Chapter 7 - Left Truncation and Interval Censoring

Slides

Lecture slides here. (To convert html to pdf, press E \(\to\) Print \(\to\) Destination: Save to pdf)

Chapter Summary

When subjects enter the study late (thus excluding earlier failures) or when event times are only known to lie in intervals, traditional survival analysis methods must be adapted. Left truncation biases sampling toward individuals who have “survived” long enough to enroll. Interval censoring arises when event times are only observed through periodic assessments, leading to coarser information about the exact time of occurrence. It is important to properly adjust the risk sets and/or likelihood functions to ensure valid inference.

Left truncation

Left truncation occurs if a subject is enrolled at a later time \(T_L\) than the starting point so those who fail prior to \(T_L\) are never observed. Common examples include:

  • Retrospective cohorts, where one must have survived long enough to be identified.
  • Hospital-based registries, where patients must be alive/available to visit a center.

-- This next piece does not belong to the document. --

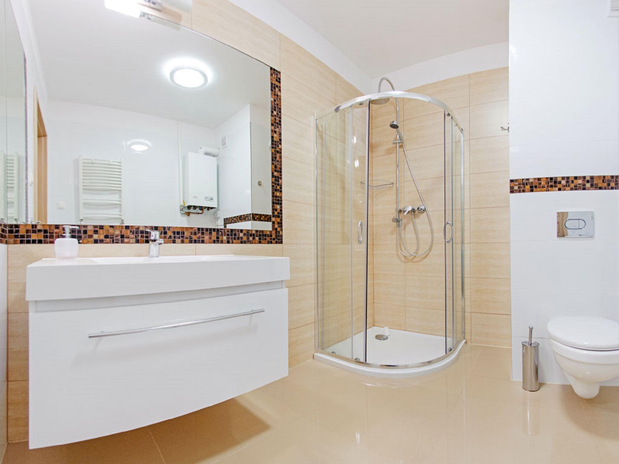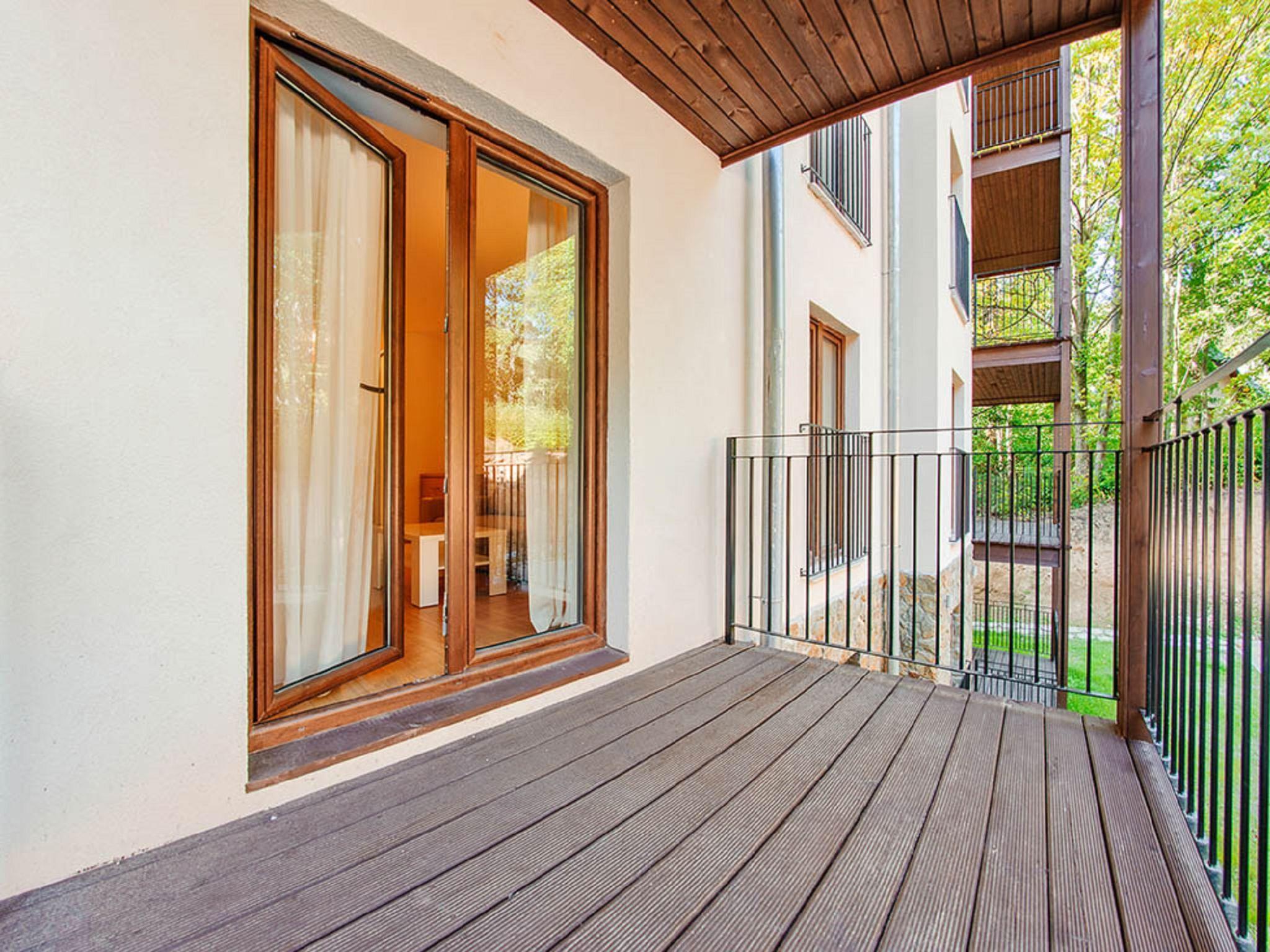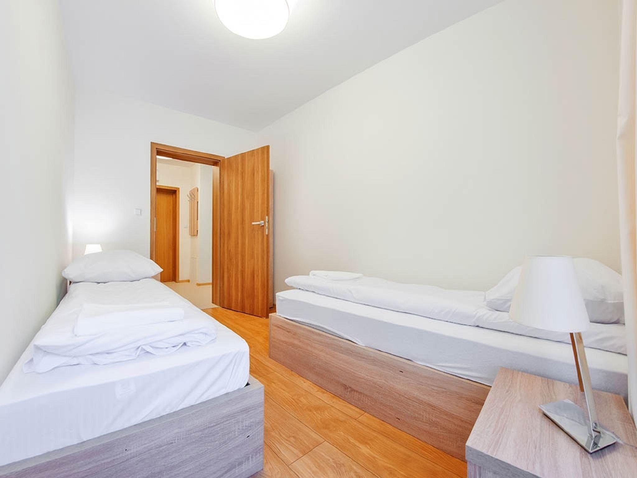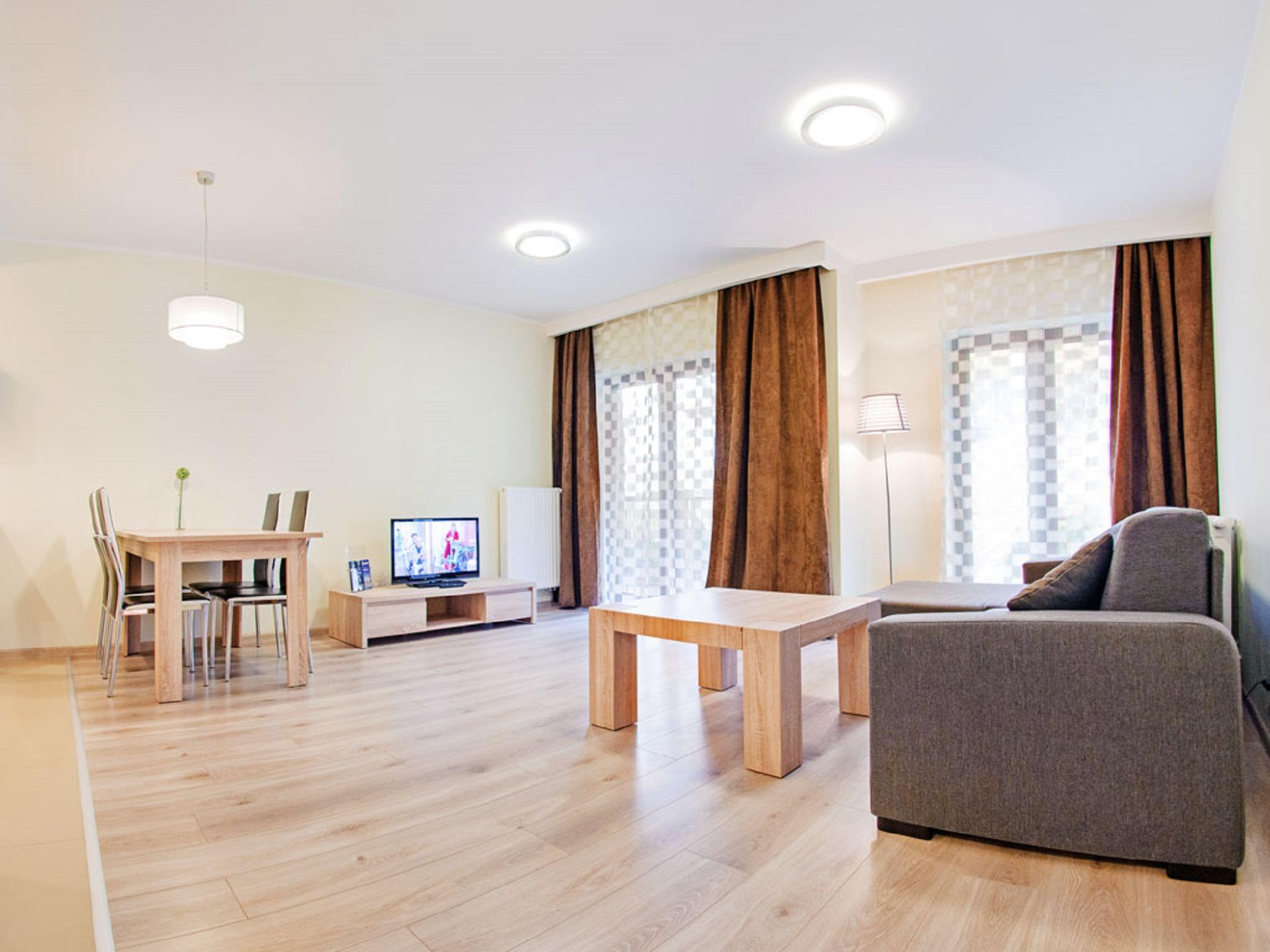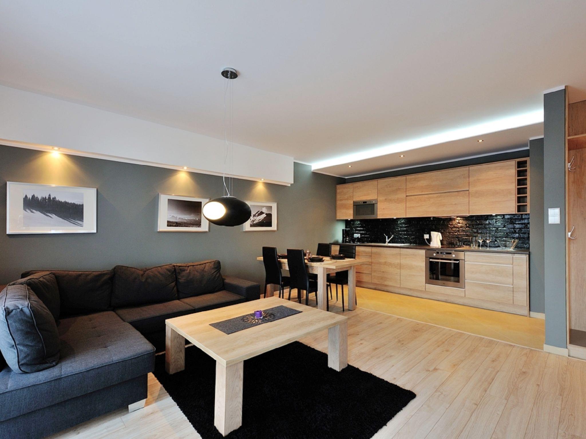 Szklarska Poreba: Modern, cosy apartment block "Szklarska Poreba Resort". In a quiet, sunny, elevated position. In the house: central heating system. Parking at the house on the premises. Bus stop 3 km, railway station 2 km. Nearby attractions: Park Dinozaurów 1.2 km, Muzeum Mineralogiczne 2.8 km. Well-known ski regions can easily be reached: Osrodek sportów zimowych 2 km, Wyciag narciarski Hala Szrenicka 2.8 km. Please note: the photograph shows a typical example. Additional accommodations can be booked. The apartment can be located on the ground floor, first floor, or second floor. Children under 3 years of age are allowed in addition to the maximum occupancy.

To correct for this bias, standard risk-set calculations in the Kaplan–Meier, log-rank test, or Cox model are modified: \[ n_j \;=\;\sum_{i=1}^{n} I\bigl(T_{Li} \;\le\; t_j \;\le\; X_i\bigr), \] so that a subject only “enters” the risk set at \(T_{Li}\). Likewise, the partial likelihood in the Cox model replaces \(I(X_j \ge t)\) with \(I(T_{Lj} \le t \le X_j)\) when constructing sums over at-risk individuals. Beyond these hazard-based methods, a more general approach employs a conditional likelihood factoring in \(T_i > T_{L,i}\):

\[ L_n(\theta) \;=\; \prod_{i=1}^{n} S\bigl(T_{Li}; \theta\bigr)^{-1}\, \lambda\bigl(X_i; \theta\bigr)^{\delta_i}\, S\bigl(X_i; \theta\bigr). \]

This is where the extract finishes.